[Packing: current concepts of "life-saving" surgery].

G Chir

Istituto di Clinica Chirurgia d'Urgenza e Pronto Soccorso, Università degli Studi La Sapienza, Roma.

Published: February 2004

Abdominal packing is a lifesaving technique for temporary control of severe injury and it is used in Damage Control Surgery schedule. Technically bleeding from abdominal cavity can generally be achieved by applying pressure with several large abdominal packs. It's possible too applying packs in organ-specific techniques (early abdominal packing). A wide review of the literature has allowed to emphasize the most common problem of this technique, the adequacy of the particular indications, their evolution, timing, the results in general and particular which multiple critical situations and not always predictable when an intensive diagnostic and methodological approach is necessary in.
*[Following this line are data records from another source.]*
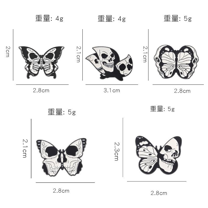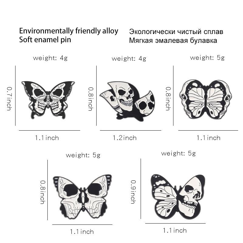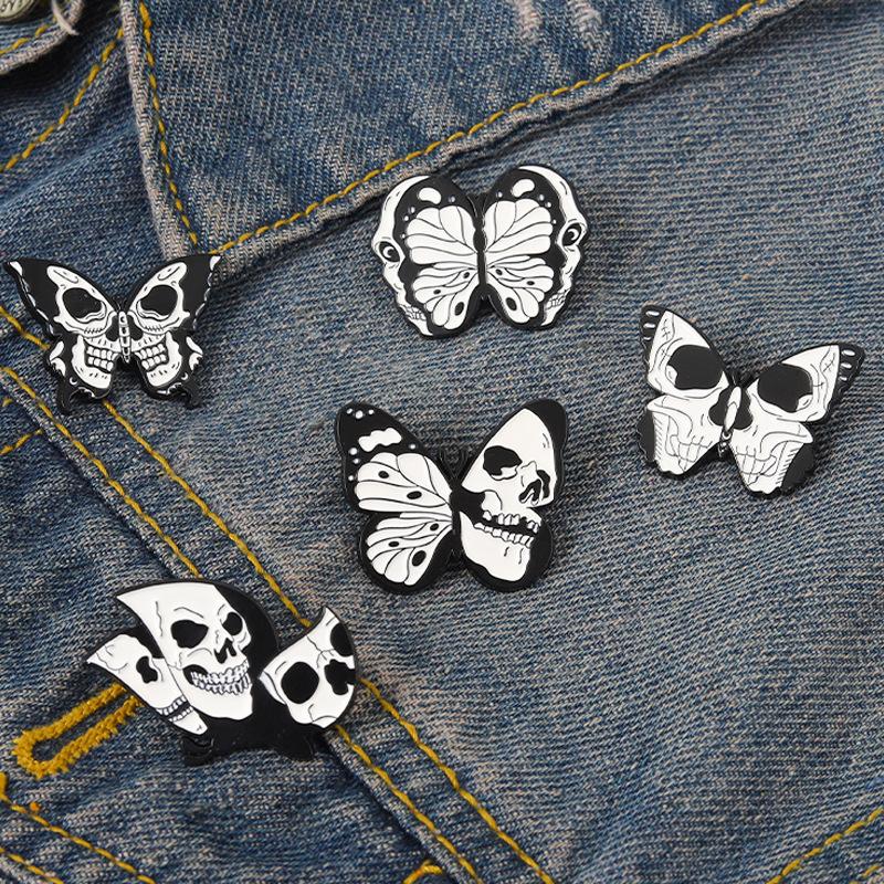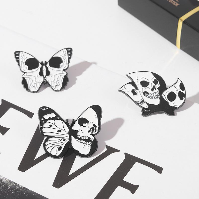 Broche de Aleación de Mariposa con Cara de Fantasma Blanco y Negro Creativo Nuevo Transfronterizo Estilo Oscuro Quirky Colección de Calaveras Accesorio Insignia
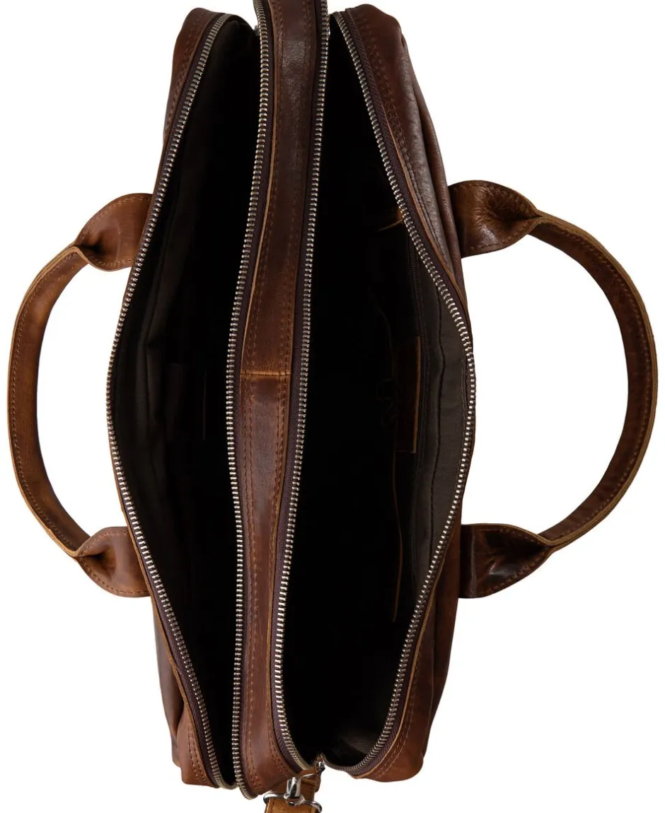 Axel i Catania skind fra Adax er en arbejdsmappe i kraftigt kalveskind og er inddelt i to hovedrum, der begge åbnes med lynlås. I det bagerste sidder en polstret PC-lomme og i det forreste finder du stiklommer, lynlåslomme samt plads til dine kuglepenne. Mappen har 2 polstrede bærehanke samt justerbar skulderrem. Vi anbefaler Adax læderbalsam samt Adax protections spray.
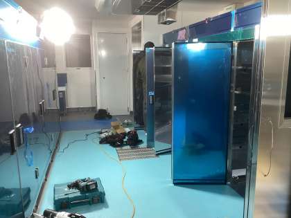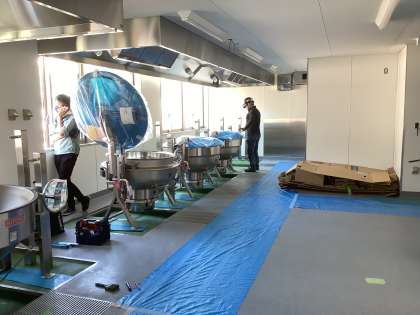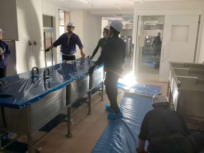 昨日、新校舎の給食室に、回転釜、シンク、カートごと入れられる食器消毒保管庫などが搬入されました。旧校舎と比較すると、とても広く、全てがピカピカでした。一学期の給食が終わり次第、旧校舎からも移設する機器もあり、整うにはまだまだ時間がかかりますが、給食を作るのが今からとても楽しみです。
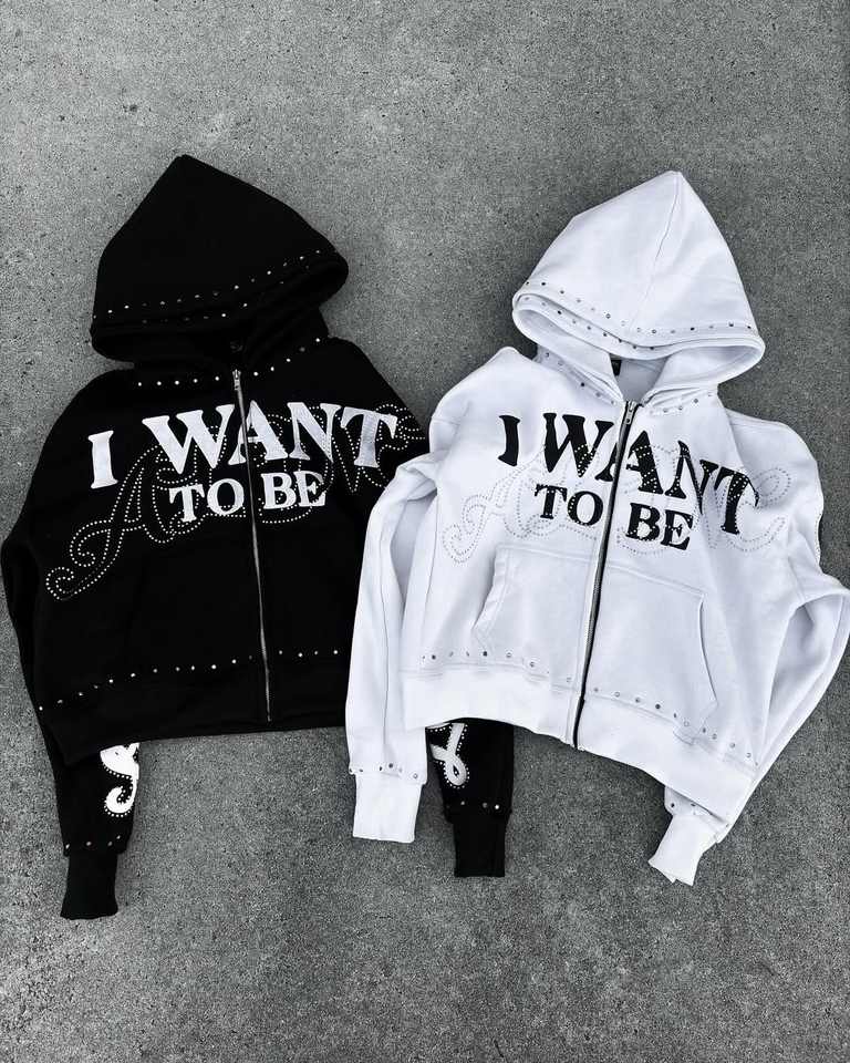 Product name:Boxy Fit Full Screen Printed & Rhinestones Tracksuits
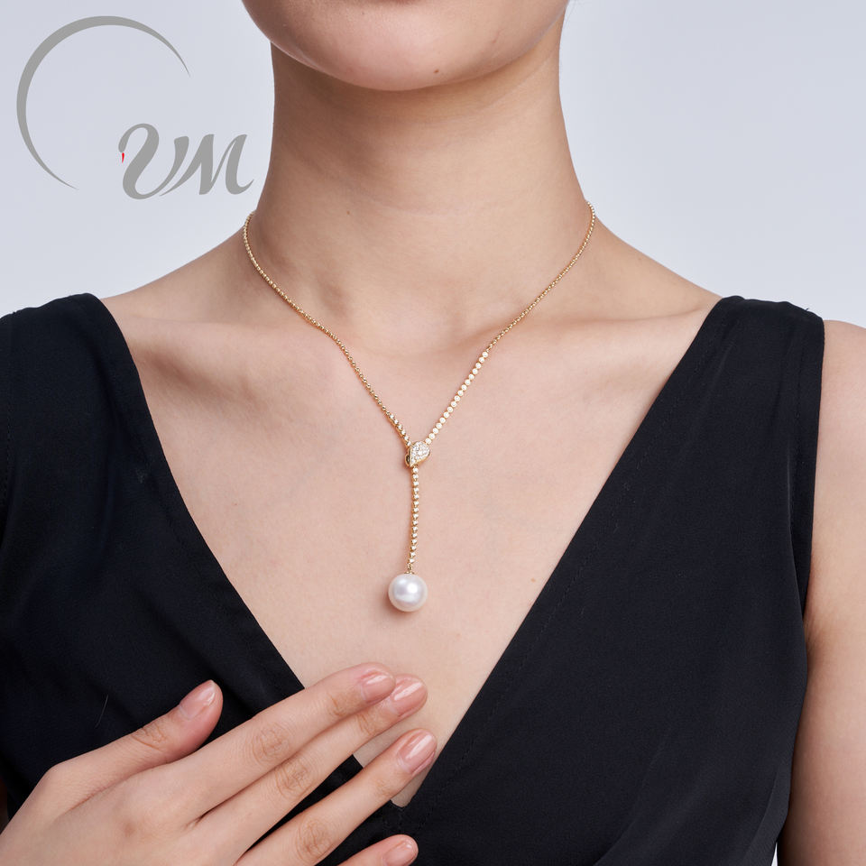 เครื่องประดับ UM จี้ทองคำแท้ 18K พร้อมสร้อยคอ ประดับเพชรธรรมชาติและไข่มุกน้ำจืด ของขวัญสำหรับงานหมั้น งานแต่งงาน และวันครบรอบ
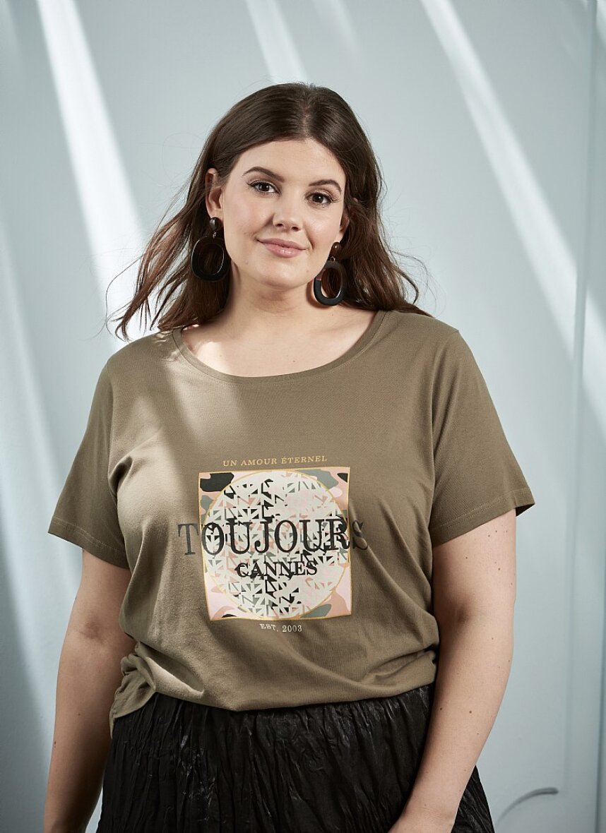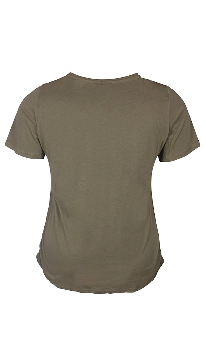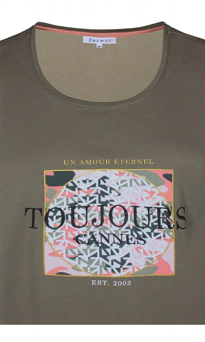 Lækker blød T-shirt fra Zhenzi i armyfarve. Rund halsudskæring og superflot print foran.
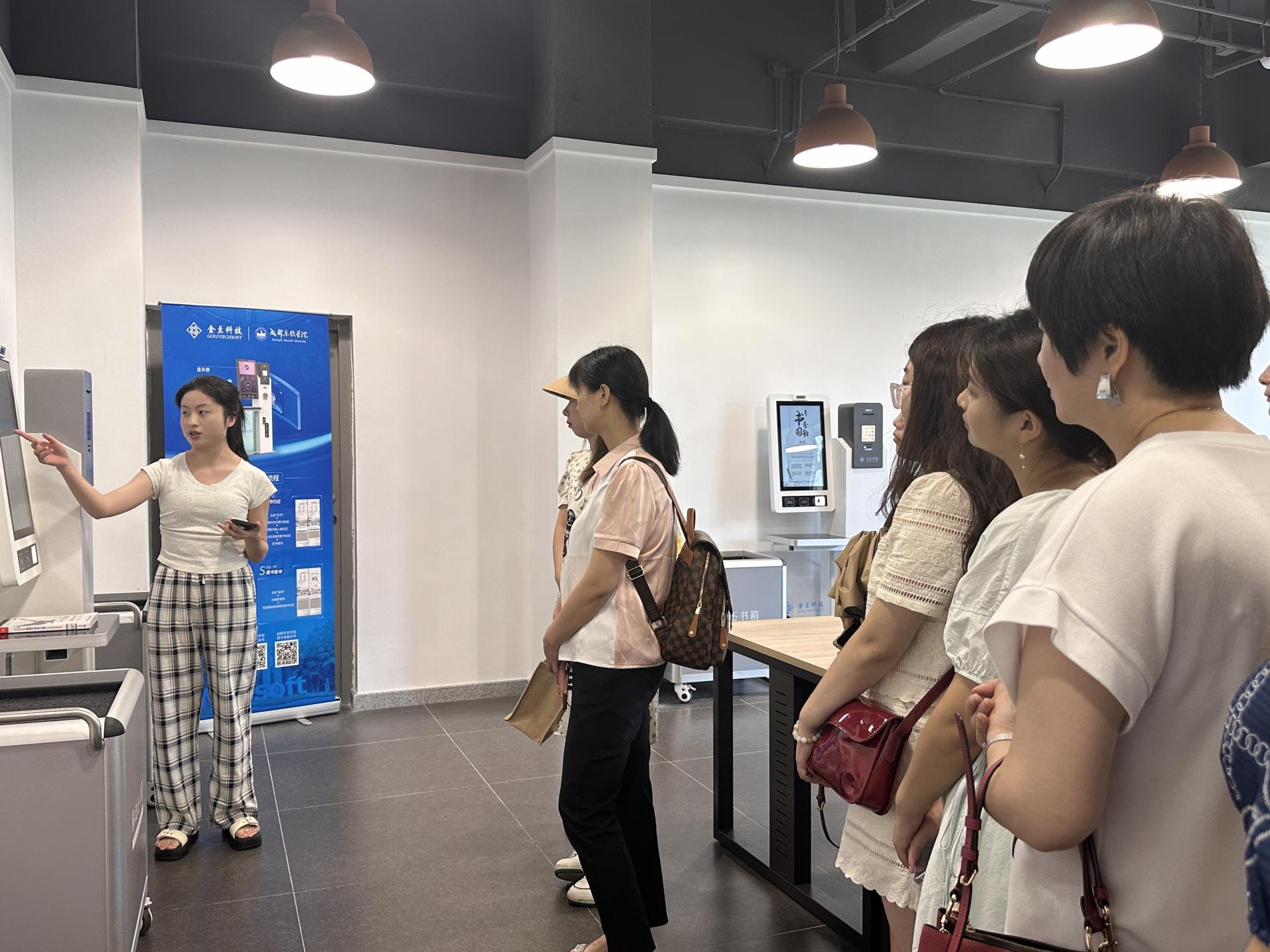 老师们还参观了计算机特馆、自助服务区、党建阅读区等特色区域。这些特色区域的展示,不仅体现了图书馆在信息技术应用、服务创新以及文化传承方面所做的努力,更让老师们亲身体验到了图书馆作为知识海洋、思想高地的独特魅力。

The principal indications are when complex anatomic lesions are diagnosed with not ruleable hemorrhages, in presence of metabolic failure--like hypothermia < 35 degrees C, acidosis > 7.2, coagulopathy PTT > 16 seconds: these three derangements become established quickly in the exsanguinating trauma patient and, once established, form a vicious circle which may be impossible to overcome. The results are encouraging and we can evaluate a median survival of the 60%, certainly superior to the obtainable survival with immediate surgical repair. Immediate failures are substantially due to bleeding, especially in "underpacking" case, and remote: these last can be premises, fundamentally septic and bound at the time of stay (above the 72 hours) and associated by the coexistence of lesions; in these situations is possible a MOF syndrome due to excessive intraabdominal pressure (overpacking) or to an abdominal compartment syndrome.